Accordingly, a rising edge 706 of the DLLOUT0 signal samples the Group A 
data signals during the Group A "data valid" period 702. Similarly, the register 
603 which controls the clock input to the Group B latches may be programmed 
to value 1 to select the DLLOUT1 clock signal, since the DLLOUT1 signal 
introduces slightly more delay than the DLLOUT0 signal. Accordingly, a rising 
edge 707 of the DLLOUT1 signal samples the Group B data signals during the 
Group B "data valid" period 703. 

[0051] Further along these lines, the register 603 which controls the clock input 
to the Group X latches may be programmed to value 7 to select the DLLOUT7 
clock signal, since the DLLOUT7 signal introduces the most delay.
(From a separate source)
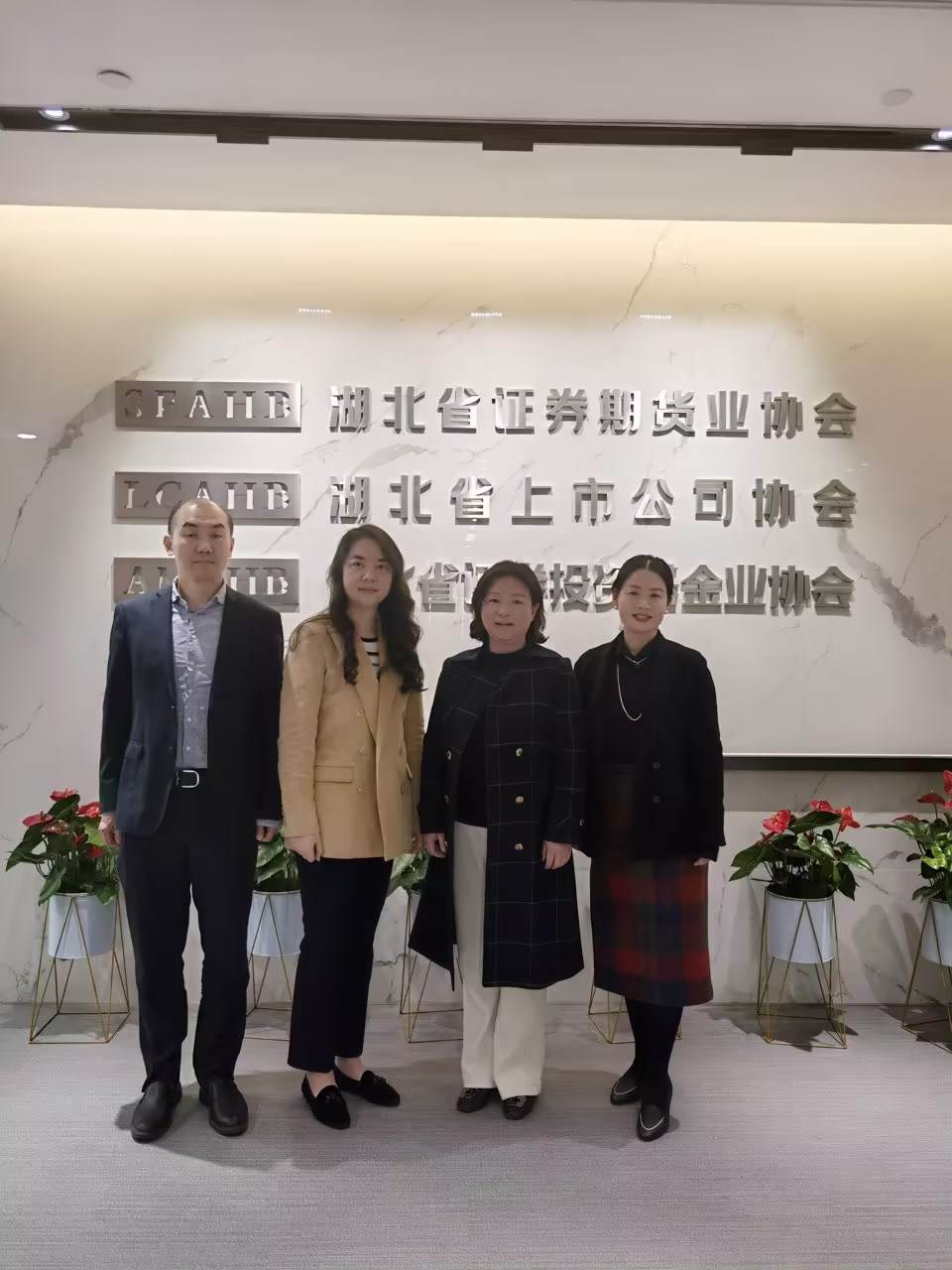 3月30日下午,经济学院党总支书记吴俊、院长陈靓秋前往湖北省证券期货业协会调研,长江证券财富管理中心副总经理张睿陪同前往。

Accordingly, 
a rising edge 709 of the DLLOUT7 signal samples the Group X data signals 
during the Group X "data valid" period 704. And, the register 603 which 
controls the clock input to the Group Y latches may be programmed to value 6 
to select the DLLOUT6 clock signal, since the DLLOUT6 signal introduces 
slightly less delay than the DLLOUT7 signal. Accordingly, a rising edge 708 of 
the DLLOUT6 signal samples the Group Y data signals during the Group Y 
"data valid" period 705.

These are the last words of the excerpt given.